Work instructions - In the records below, find the line containing "остается в наказании." and transcribe it and every line after it exactly; leave the pictures out.

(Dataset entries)

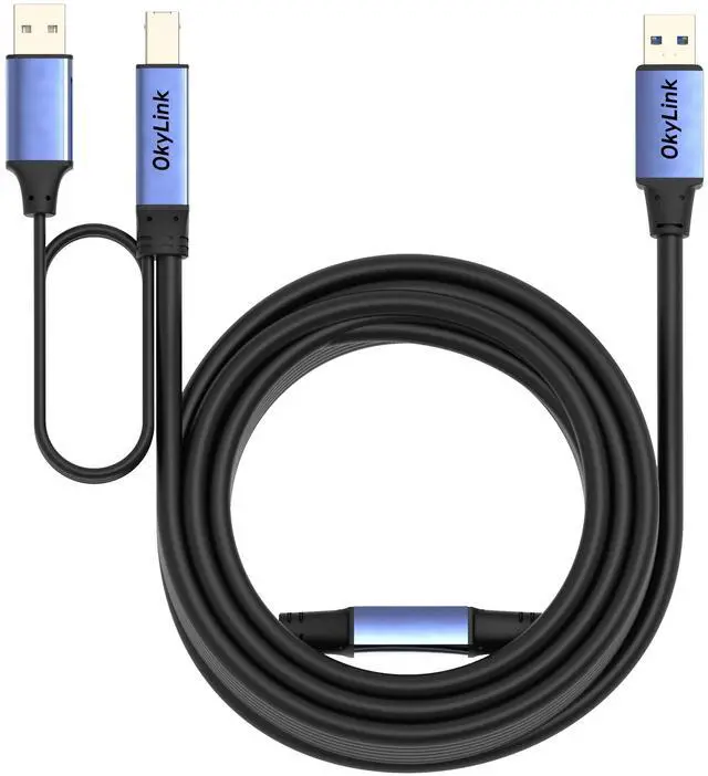 Short cables (5ft & 10ft) are premium shielded for ultra-fast, low-latency performance. Longer cables (15ft and above) are active with built-in signal booster, ensuring reliable, lossless data transmission across extended distances. ^^ 3. Active Signal Booster + Optional Power Supply All lengths 15ft and above integrate a signal amplifier, preventing attenuation and errors during long-distance use. Includes an optional external power port to supply extra power when needed avoiding connection issues caused by insufficient USB bus power. ^^ 4. Nickel-Plated Connectors + Oxygen-Free Copper Equipped with nickel-plated connectors for corrosion resistance and stable contact.
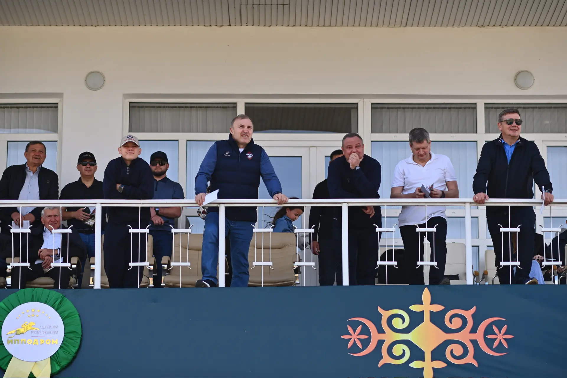 Изюминкой сегодняшнего конноспортивного праздника стало яркое выступление наших гостей – конной группы «Джигиты Муратовы» под руководством Заслуженного артиста Северной Осетии Сергея Муратова. В активе мастера – 35 лет работы с лошадьми и множество профессиональных наград. Огромный опыт наставника и талант артистов сложились в непревзойдённое мастерство в джигитовке.
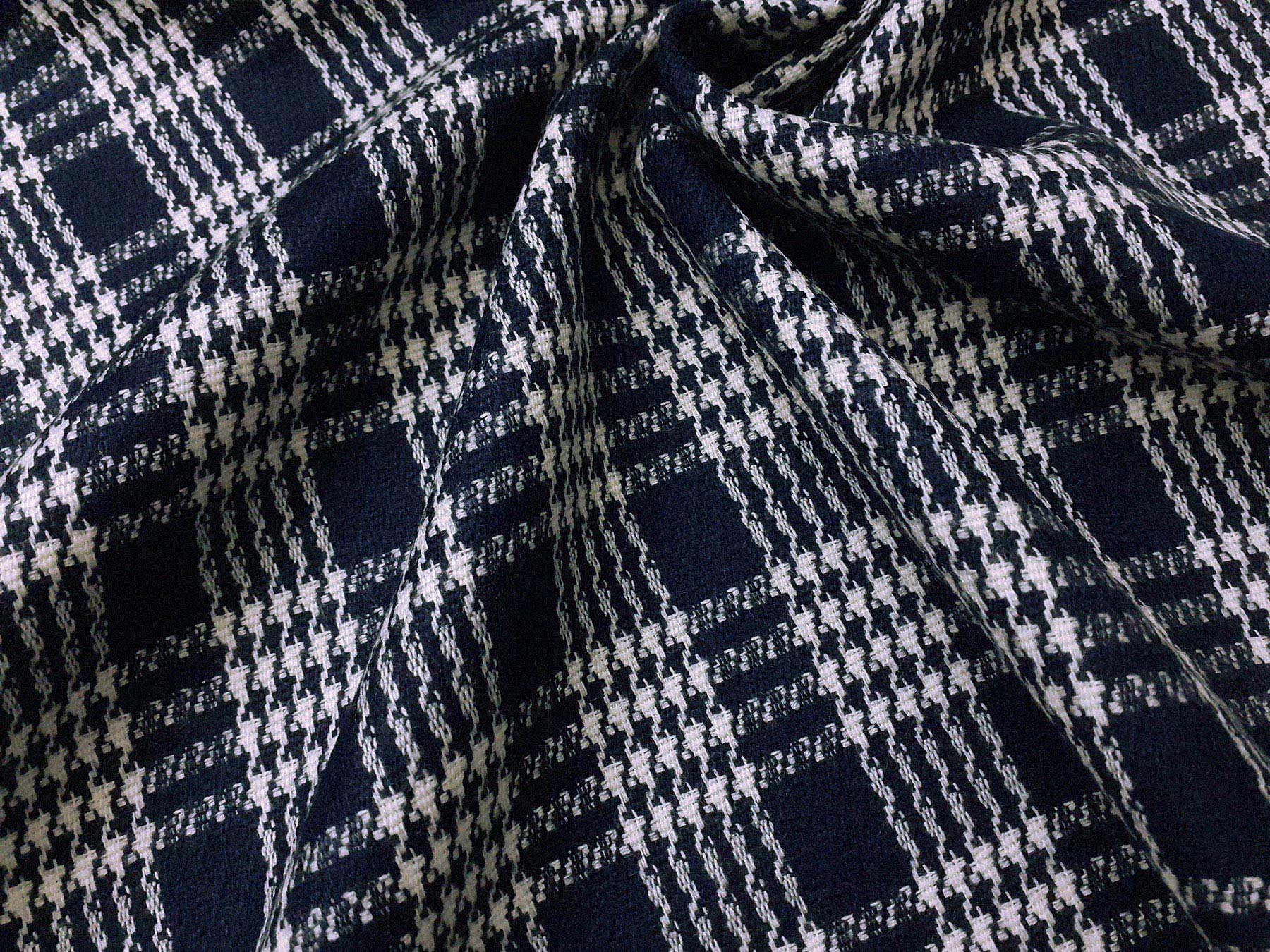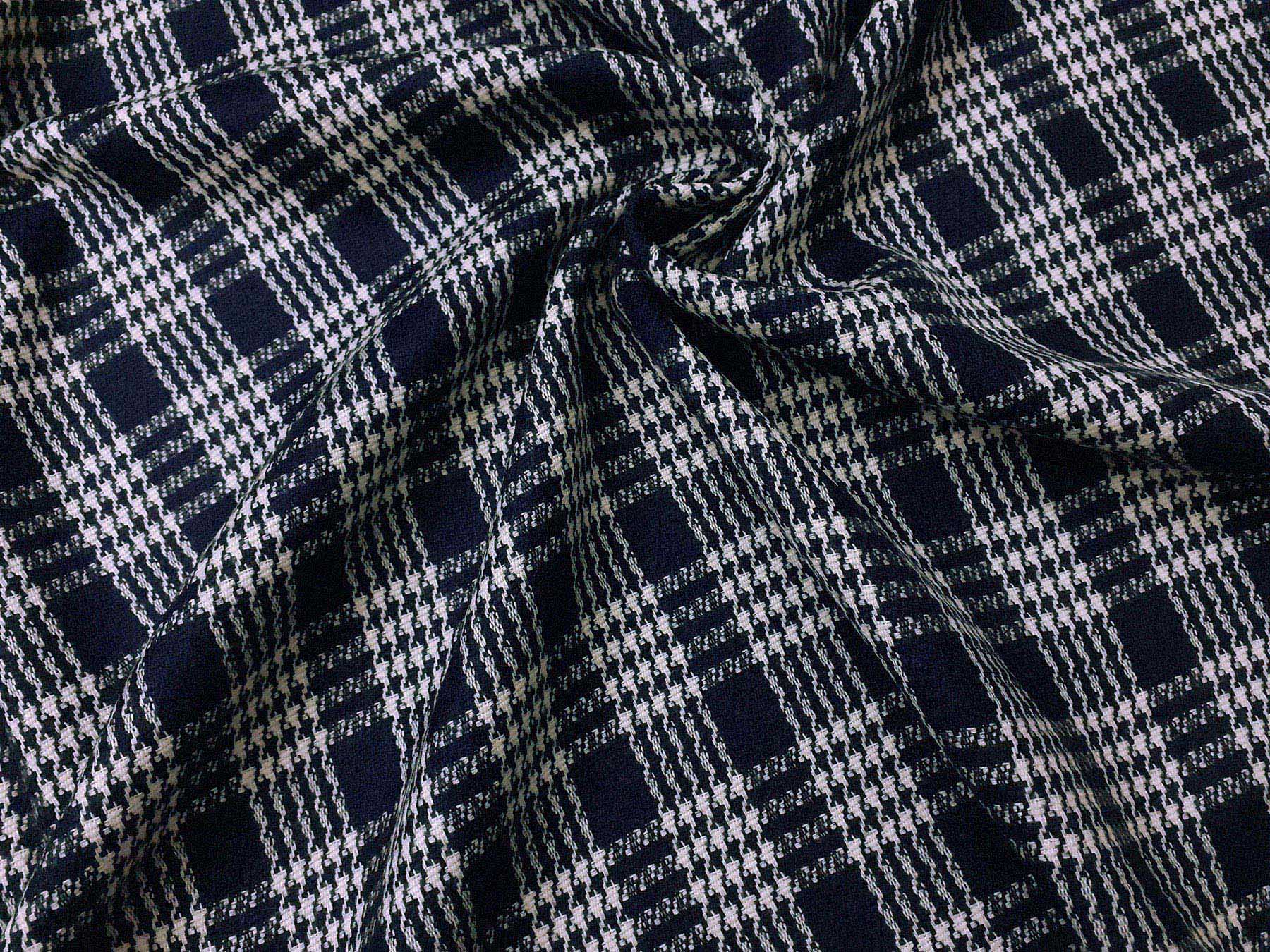 Flanella in lana merino Principe di Galles fondo blu navy
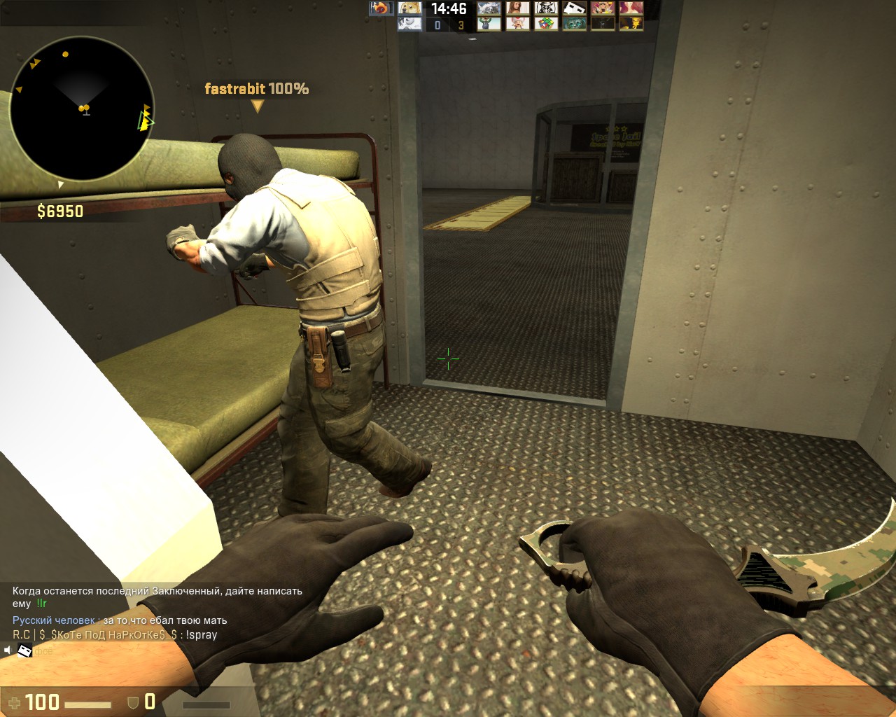 "Русский человек" STEAM_1:1:85661329 - был забанен на сервере через sm_admin, стим айди верный. Если не обратится в арбитраж, пусть остается в наказании.
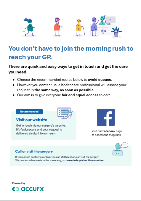 From Tuesday 13 January ALL GP APPOINTMENTS are being triaged by a clinician who will advise when you need to be seen.
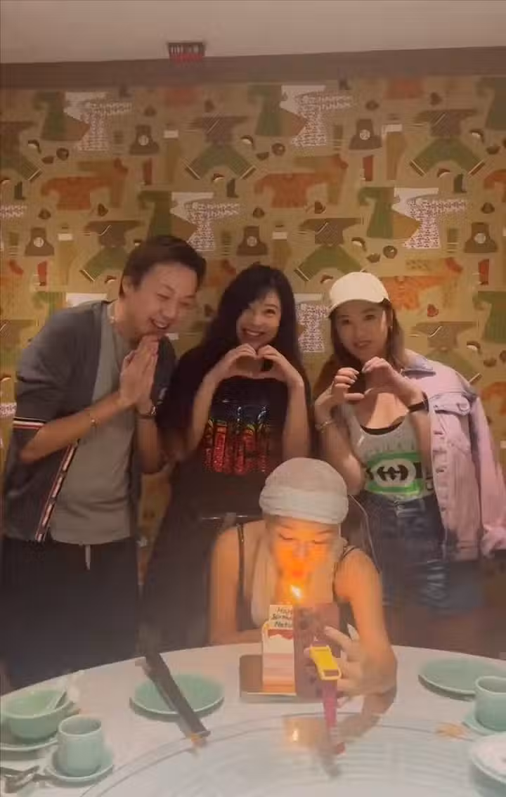 吳文忻昨日(25日)亦在IG貼出生日視頻,並答謝鄭紹康、前港姐傅明憲和翁嘉穗為她慶生,吳文忻當晚更轉換兩個造型,她戴上假髮及cap帽,一臉精神奕奕與翁嘉穗合照,她與傅明憲合照時,對方更鬼馬伸舌頭。
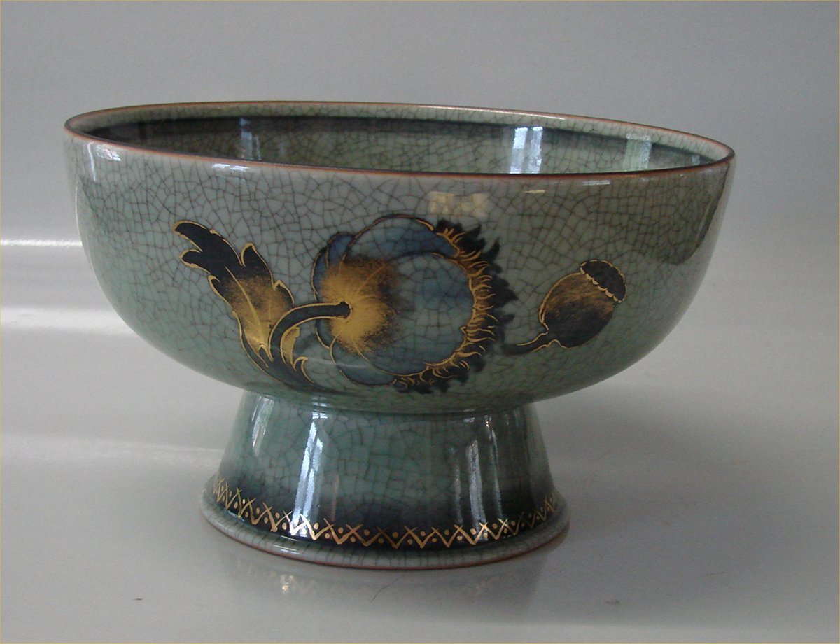 Royal Copenhagen Art Pottery 7-9 RC Bowl with flower 12 x 20 cm. Signed OJ Oluf Jensen 1931 (Crackle)
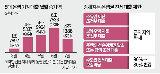 정부는 앞서 6·27 부동산 대책을 내놓으면서 올해 하반기 은행권 가계대출 증가 목표치를 기존의 절반으로 줄인다고 발표했다. 국민 신한 하나 우리 농협 등 5대 은행은 올 하반기 가계대출 증가액 목표치를 7조2000억원에서 3조6000억원으로 줄인 것으로 전해졌다. 이들 5대 은행의 지난달 가계대출 증가액(4조1386억원)은 6월(6조7536억원)보다 감소했다.
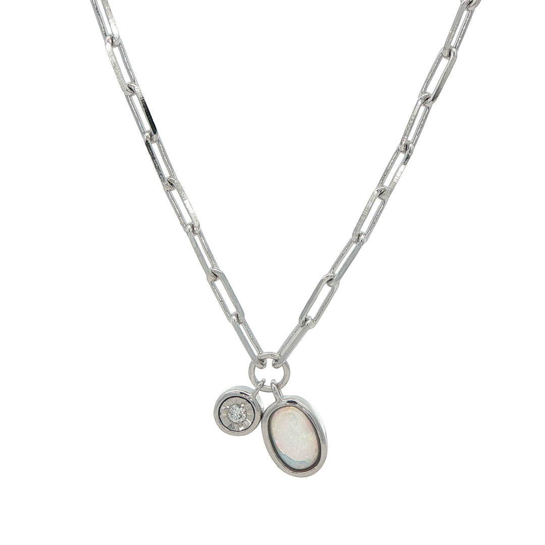 Monte Luna Sterling Silver October Birthstone Lab-Grown Opal & Diamond 18" Necklace
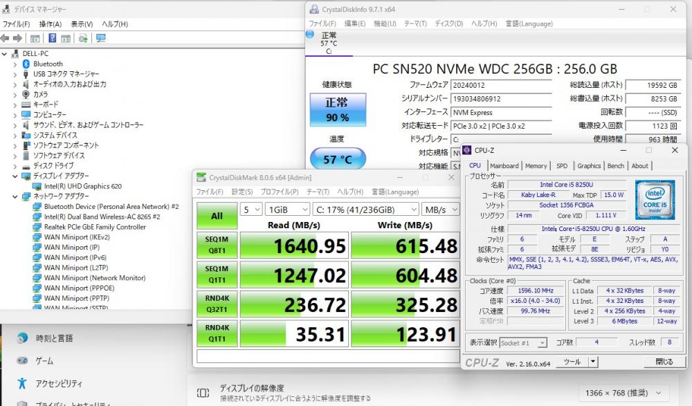 CPU: 超高速 Intel 高性能 第8世代Core i5-8250U 1.6Ghz、 4コア8スレッド (ターボ・ブースト利用時の最大周波数 3.4GHz) |
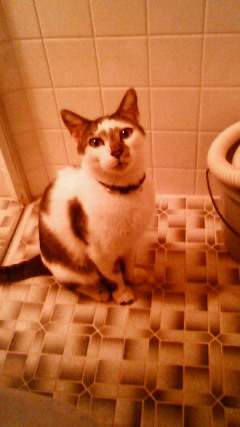 母の姿を見つけたなり、ベランダから 思わず声をあげずにはいられなかった、我が息子。 ただいま。あくび。淋しかったね。 お母さんもとっても会いたかったよ。 今日はずっと母のそばから離れようとしない、あくび。 トイレや洗面所も同伴です…。

Answer area -
 "Русский человек" STEAM_1:1:85661329 - был забанен на сервере через sm_admin, стим айди верный. Если не обратится в арбитраж, пусть остается в наказании.
 From Tuesday 13 January ALL GP APPOINTMENTS are being triaged by a clinician who will advise when you need to be seen.
 吳文忻昨日(25日)亦在IG貼出生日視頻,並答謝鄭紹康、前港姐傅明憲和翁嘉穗為她慶生,吳文忻當晚更轉換兩個造型,她戴上假髮及cap帽,一臉精神奕奕與翁嘉穗合照,她與傅明憲合照時,對方更鬼馬伸舌頭。
 Royal Copenhagen Art Pottery 7-9 RC Bowl with flower 12 x 20 cm. Signed OJ Oluf Jensen 1931 (Crackle)
 정부는 앞서 6·27 부동산 대책을 내놓으면서 올해 하반기 은행권 가계대출 증가 목표치를 기존의 절반으로 줄인다고 발표했다. 국민 신한 하나 우리 농협 등 5대 은행은 올 하반기 가계대출 증가액 목표치를 7조2000억원에서 3조6000억원으로 줄인 것으로 전해졌다. 이들 5대 은행의 지난달 가계대출 증가액(4조1386억원)은 6월(6조7536억원)보다 감소했다.
 Monte Luna Sterling Silver October Birthstone Lab-Grown Opal & Diamond 18" Necklace
 CPU: 超高速 Intel 高性能 第8世代Core i5-8250U 1.6Ghz、 4コア8スレッド (ターボ・ブースト利用時の最大周波数 3.4GHz) |
 母の姿を見つけたなり、ベランダから 思わず声をあげずにはいられなかった、我が息子。 ただいま。あくび。淋しかったね。 お母さんもとっても会いたかったよ。 今日はずっと母のそばから離れようとしない、あくび。 トイレや洗面所も同伴です…。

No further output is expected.